■ Data provided ■
========================================
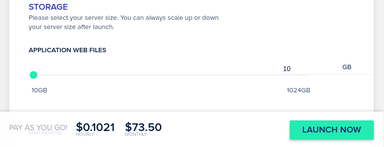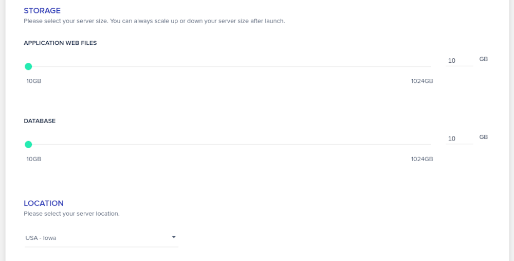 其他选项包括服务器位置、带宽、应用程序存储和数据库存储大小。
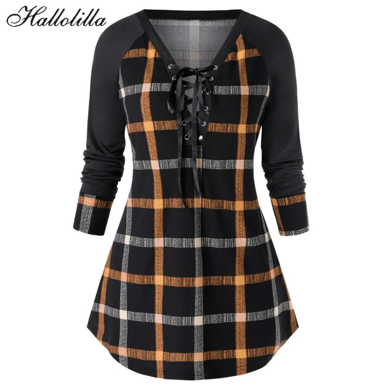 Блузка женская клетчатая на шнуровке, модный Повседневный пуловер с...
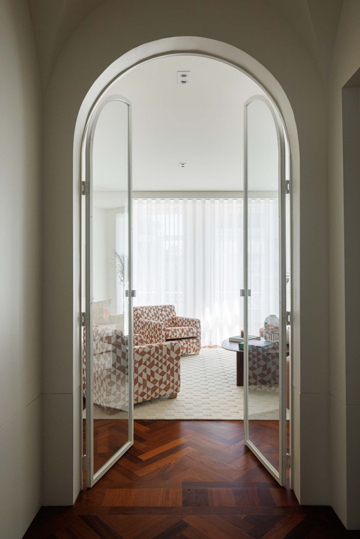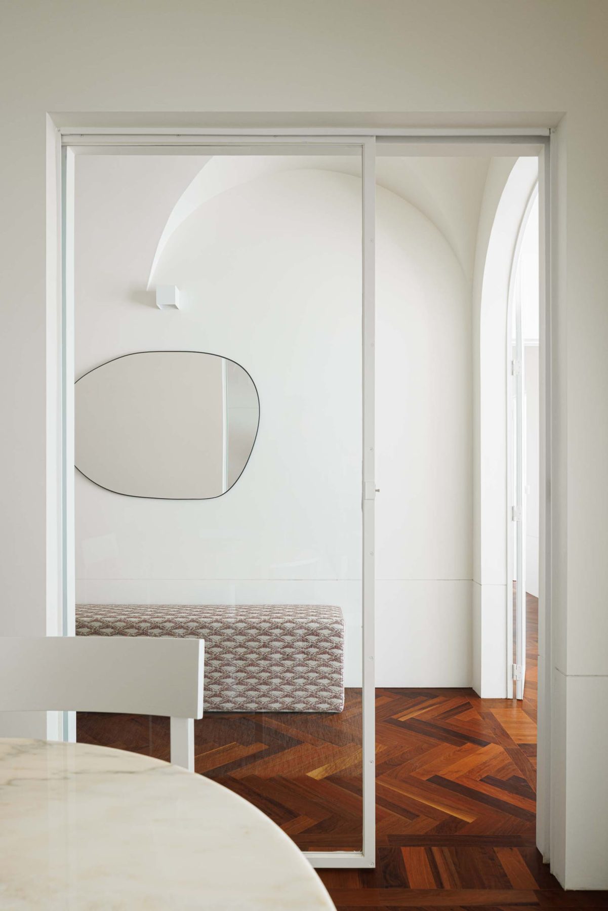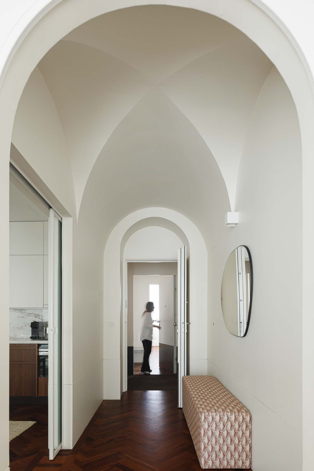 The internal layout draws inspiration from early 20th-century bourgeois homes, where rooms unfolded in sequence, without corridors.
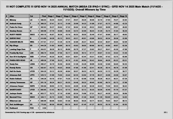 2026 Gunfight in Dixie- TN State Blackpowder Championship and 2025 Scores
========================================
In your copy of the data above, leave out the pictures and repeat everything else exactly.

 其他选项包括服务器位置、带宽、应用程序存储和数据库存储大小。
 Блузка женская клетчатая на шнуровке, модный Повседневный пуловер с...
 The internal layout draws inspiration from early 20th-century bourgeois homes, where rooms unfolded in sequence, without corridors.
 2026 Gunfight in Dixie- TN State Blackpowder Championship and 2025 Scores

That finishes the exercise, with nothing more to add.